07 Jan Rendering: Economy, Craft, and Beauty
SHED Architecture & Design is a bit of a maverick in today’s design world; they hue to a pragmatic rather than a conceptual line.
That’s no accident. Based in Seattle, Washington, founders Prentis Hale and Thomas Schaer met while pursuing their masters in architecture at the University of Washington’s College of Built Environments, where the emphasis was less on theory and more on how things work. One influential professor was the late Andris Vanags, whose courses concentrated on such practical design/build matters as how frames are constructed, and how materials work, and why they fail.
That’s not to say SHED’s houses aren’t beautiful and unique, because they are. But they’re created by people who also know from experience how to build a house. And at heart, SHED is deeply dedicated to pushing the boundaries of sustainability, leading to homes that are efficient, precisely detailed, and responsibly designed.
“To be clear, neither Thomas nor myself are licensed architects,” Hale says. “We formed the company right out of architecture school and started as a design/build company. We never took that traditional path, so some 24 years later, we’re leading this firm, but are not licensed ourselves. Our partners are licensed.”
Ask what SHED’s philosophy is and you’ll be met with some hesitation. “We really struggle with this,” Hale says. “We don’t like to come up with grandiose statements, so it’s been a stumbling block. We do believe strongly that our work is grounded in a pragmatic approach to solving design problems. And that if one focuses on those things, you do create good architecture and unique architecture, and you can do works of a high quality that will provide many years of use — and they’ll also end up being beautiful.”
“I feel like we’re practicing a trade,” Schaer says. “It’s really like the old days, like a tailor, where you’d come and get a suit made. We just make better suits than most people. We take our trade seriously, and we’re paying attention, but we’re not making a Versace showstopper that gets worn once or twice. We’re more interested in pushing forth the dialogue of what a sensible cost of a building is in the Northwest. So you won’t see a lot of heroic cantilevers or under-eaves that are just aimed at some kind of a statement. It’s not like we don’t get caught up in aesthetic things, moments where we’re knowingly trying to achieve something architectural that’s not purely a pragmatic response. But we try to make those moments the exception rather than the norm.”

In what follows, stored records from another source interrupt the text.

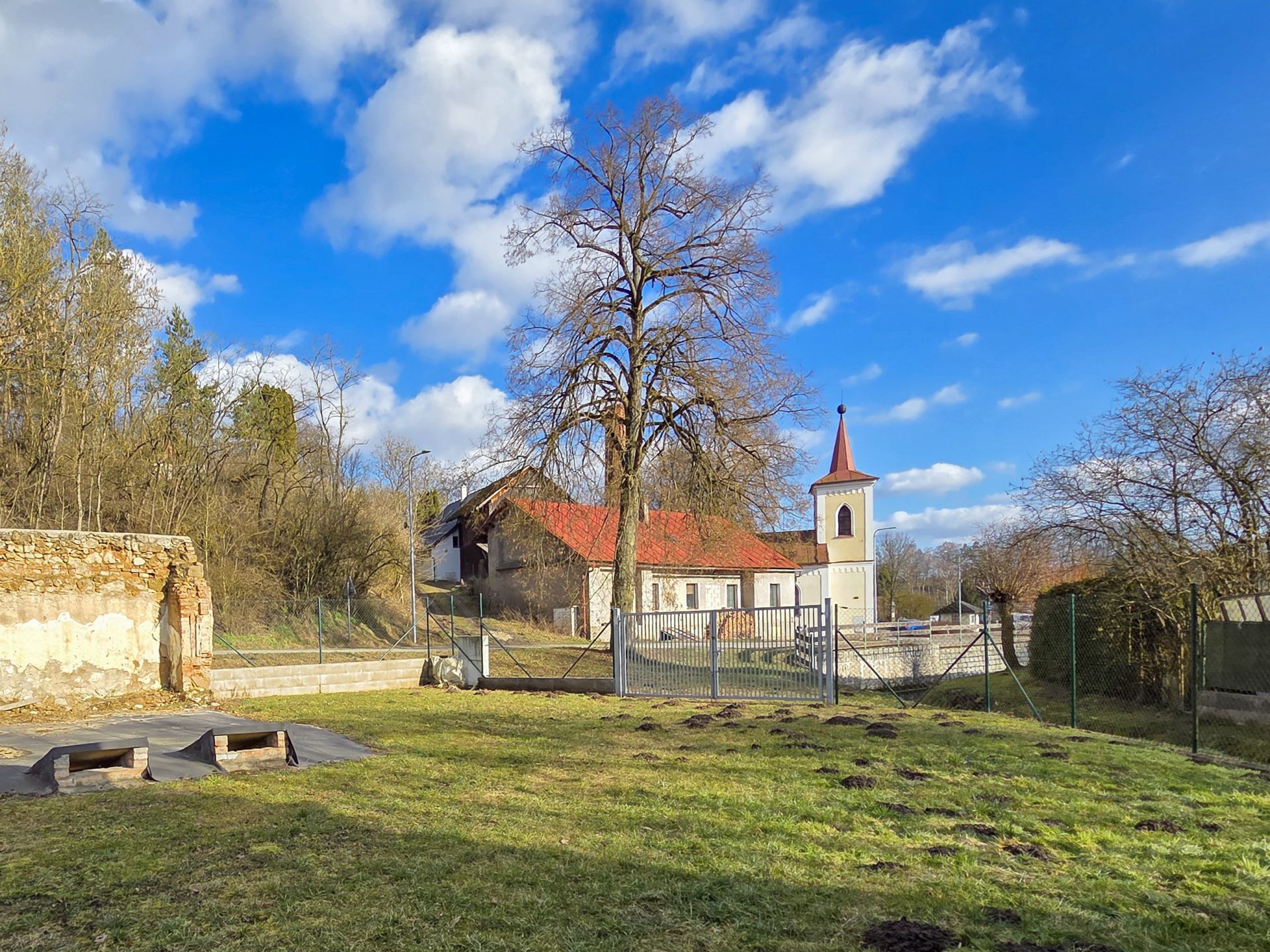 Pozemek je napojen na elektřinu (jistič 3×32 A), veřejný vodovod a je zde k dispozici optický internet od lokálního poskytovatele. Kanalizace v obci není k dispozici. Nemovitost se nenachází v památkově ani krajinně chráněném území.
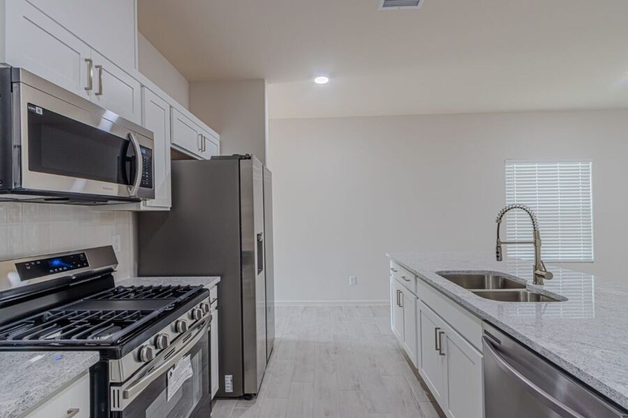 Be the first to call this gorgeous Palo Verde Desert Series home! Featuring modern design, high-end finishes, and luxurious bathrooms, this property combines style and comfort perfectly. The kitchen boasts stainless steel appliances, while energy-efficient systems help keep maintenance low and costs down. Enjoy all the perks of brand-new construction in the desirable Summer Sky subdivision—ready for you to move in!
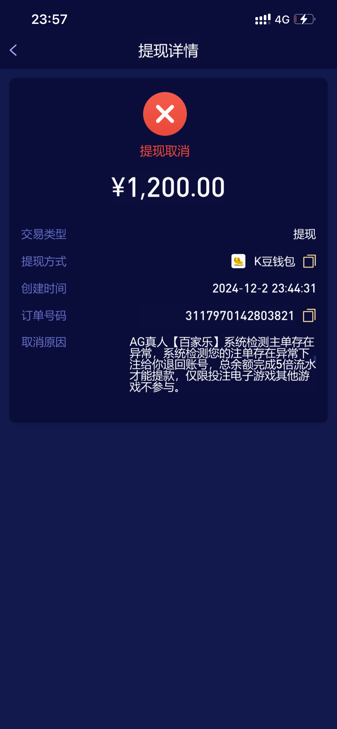 我今天1056凌晨玩电子输了700,然后又充500打AG真人,打了一下打到2100提现被搞了退回来让我打五倍流水,打了好久还差2268流水,余额1900。后面有点不敢下了下什么什么死,我就想了个办法拿备用机另外一个台子也充了1000,找了AG同一个桌台俩边对押刷流水,下到第三把的时候,神奇的一幕出现了,我俩台手机庄下1000闲下1000,结果俩边都是输。给我愣住了,然后我立马去个人记录看投注记录,结果俩台手机这条投注记录都没有了,给我气死了,输不可怕,这样输太憋屈了,以后真的再也不玩真人了。我想发图片给你看的,但是投注记录又没有了,当时开奖的时候我愣住了图也没截上,但是我说的句句都是实话,好家伙我有时还纳闷为什么可以连续七八把不中,现在看来都是有迹可循的。

These days, SHED’s potential clients, for the most part, understand that the firm’s commitment to sustainability results in efficient houses that are no larger than they absolutely need to be. People who want sprawling, vanity-driven mansions get referred elsewhere. Of course, every once in a while, circumstances cause a project to grow.

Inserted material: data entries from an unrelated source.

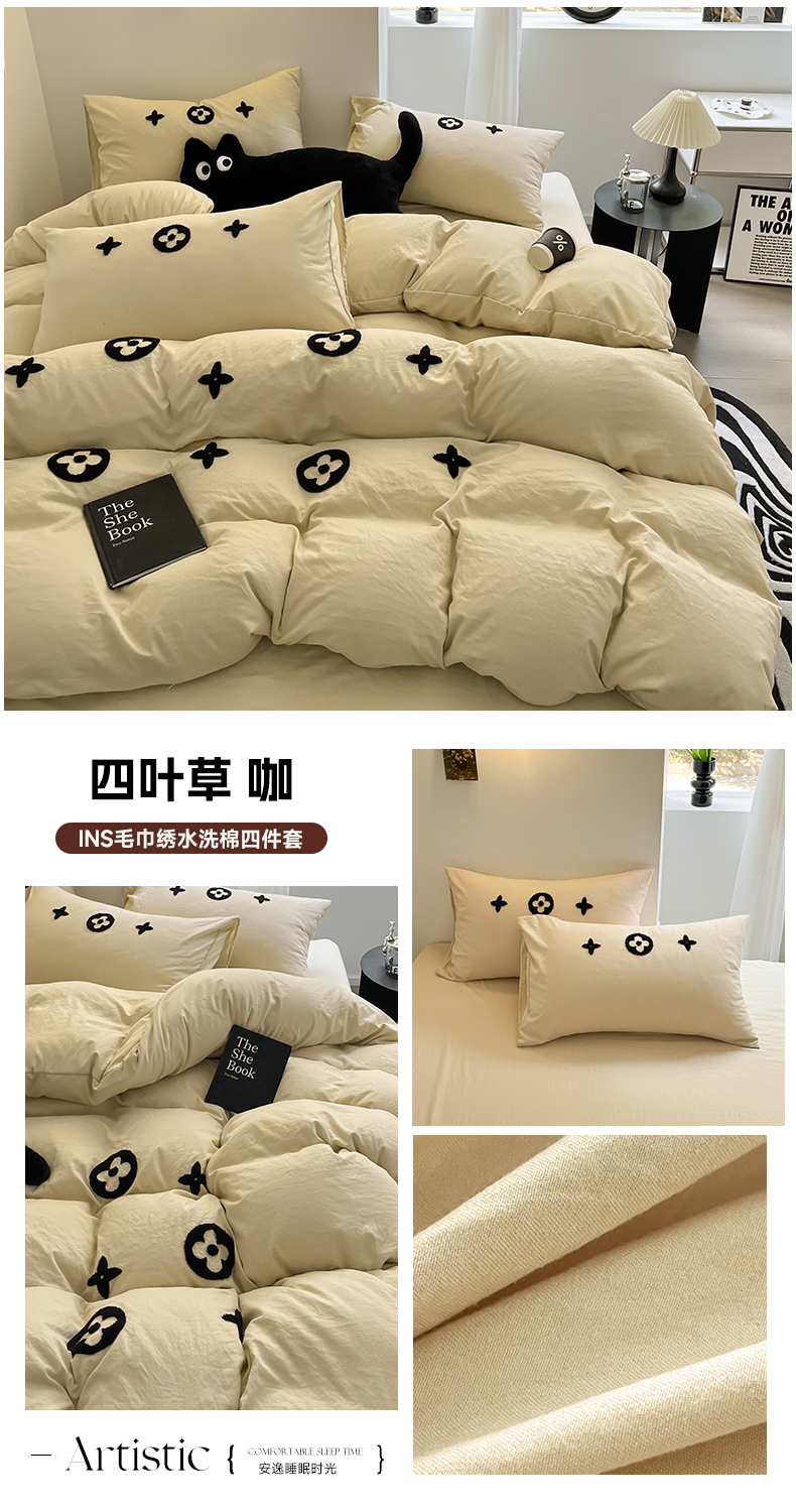 耀达家居 2024新款ins毛巾绣水洗棉四件套 四叶草 咖,四叶草 咖
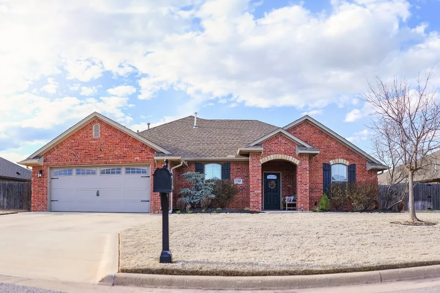 Beautiful Sheryl Home built in 2016 with a large open floor plan, 4 Bedrooms & 2.5 Baths. You're greeted with an established yard with professional landscaping and welcoming entry with stone trim. Crown molding in all common areas, Owner’s Suite & Ensuite. Amazing Kitchen features a large island/snack-bar, granite counters, stone back-splash, a gas stove, microwave, dishwasher and refrigerator. Ceramic tile flooring throughout most of the house and newer carpet in the bedrooms. Large open Living Room with a brick gas log fireplace & beautiful mantle. Owner’s suite features a tray ceiling in Bedroom, a double sink vanity, granite counter, oval whirlpool tub, separate shower, decorative framed mirrors & a huge walk-in closet, equipped with a storm shelter. 4th Bedroom could be an office and has a vaulted ceiling. Hall Bath has 1 pedestal sink & a long granite vanity & framed mirror. Exteri...
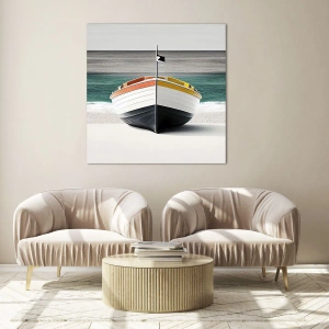Quadro su vetro - Una barca sulla spiaggia con un mare turchese sullo sfondo - 80x120cm - Al suo posto - Decorazione murale moderna per soggiorno e camera da letto ARTTOR
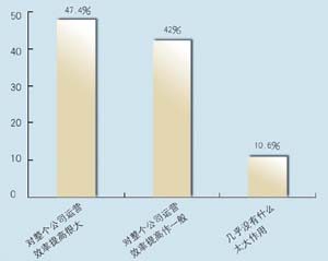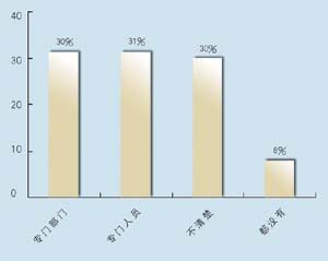 在問到實(shí)施周期上,有9家表示希望在3個月內(nèi)完成,占到47.4%,有6家接受3~6個月的周期,超過6個月的周期已經(jīng)顯得太長。在問到CRM的實(shí)施效果上,有9家認(rèn)為對公司運(yùn)營效率有很大提高,8家認(rèn)為作用一般,只有2家認(rèn)為沒有作用。表明基本上企業(yè)認(rèn)可CRM的作用。在問到是否有專門人員負(fù)責(zé)CRM時,有6家表示有專門部門,有6家有專門人員,合計(jì)占62%,說明企業(yè)非常重視CRM的應(yīng)用。

“A few years back, we really tried to say we’re not going to do houses more than a few thousand square feet,” Schaer says. “We have not successfully held that line, but the houses above that line have all been for clients who want to go all the way on the sustainability front.” Which, he adds, is how they’re able to look at themselves in the mirror.
A recent client came to SHED announcing that he’d chosen the firm because he wanted to be reined in. Another firm might have said yes to his every desire, but SHED would talk him out of much of the space he thought he needed.
“It’s true,” says Hale. “We’re the type of firm that will do that. Not just because of the scarcity of resources or the impact of it, but because ultimately, we feel it’s a burden to live in a house that’s bloated. It’s just more stuff to maintain that makes you feel bad. In this market, there’s an upward pressure on the size of houses. It’s a battle. We try to make them smaller and net-zero at the minimum. Net-zero now is very achievable. And in our latest projects, we’re trying to figure out how to go further than that.”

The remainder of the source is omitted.